Le burkini s’invite dans la course au PQ

Le candidat Paul Saint-Pierre Plamondon a fait valoir qu’il n’y a aucun lien entre le burkini et la lutte contre le terrorisme.
Photo: Annik MH de Carufel Le Devoir Le candidat Paul Saint-Pierre Plamondon a fait valoir qu’il n’y a aucun lien entre le burkini et la lutte contre le terrorisme.

Deux ans après la mise au rancart de la charte des valeurs, le port de symboles religieux continue de diviser le Parti québécois (PQ).

Le burkini, ce maillot de bain qui recouvre la majeure partie du corps, porté par des musulmanes, alimente le débat entre les aspirants à la direction du parti. Ce simple vêtement met en lumière des divergences d’opinions au sein du PQ sur la place des signes religieux dans l’espace public.

Les candidats Alexandre Cloutier et Paul Saint-Pierre Plamondon se sont opposés jeudi à la création d’une sorte de « police de la plage » qui surveillerait la tenue des baigneuses.

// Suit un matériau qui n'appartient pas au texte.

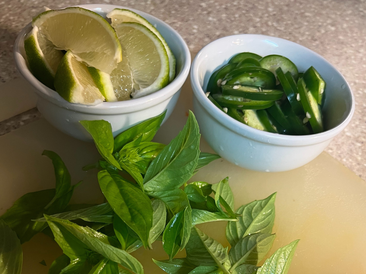 - Wash/dry several fresh sweet basil leaves to add a leaf onto a bite in your bowl

Rien ne justifierait l’interdiction du burkini au Québec, ont-ils fait valoir.

Leur collègue Agnès Maltais croit elle aussi que ce débat n’a pas lieu d’être. « Ce que la police devrait faire actuellement, c’est s’occuper du terrorisme, de l’intégrisme, des jeunes qui partent en Syrie et des parents qui sont tout seuls. Mais ça, Philippe Couillard ne veut pas qu’on s’y attaque », a-t-elle dit sur les ondes de RDI.

Ces députés contredisent leur collègue Jean-François Lisée, qui réclame un débat sur le bannissement de la burqa, du niqab et du burkini. « Nous avons un ennemi déclaré, [le groupe] État islamique, qui recrute ici des gens pour poser des bombes. Notre seul choix est de débattre de l’interdiction de la burqa AVANT qu’un djihadiste s’en serve pour cacher ses mouvements pour un attentat, ou APRÈS », a-t-il écrit sur sa page Facebook.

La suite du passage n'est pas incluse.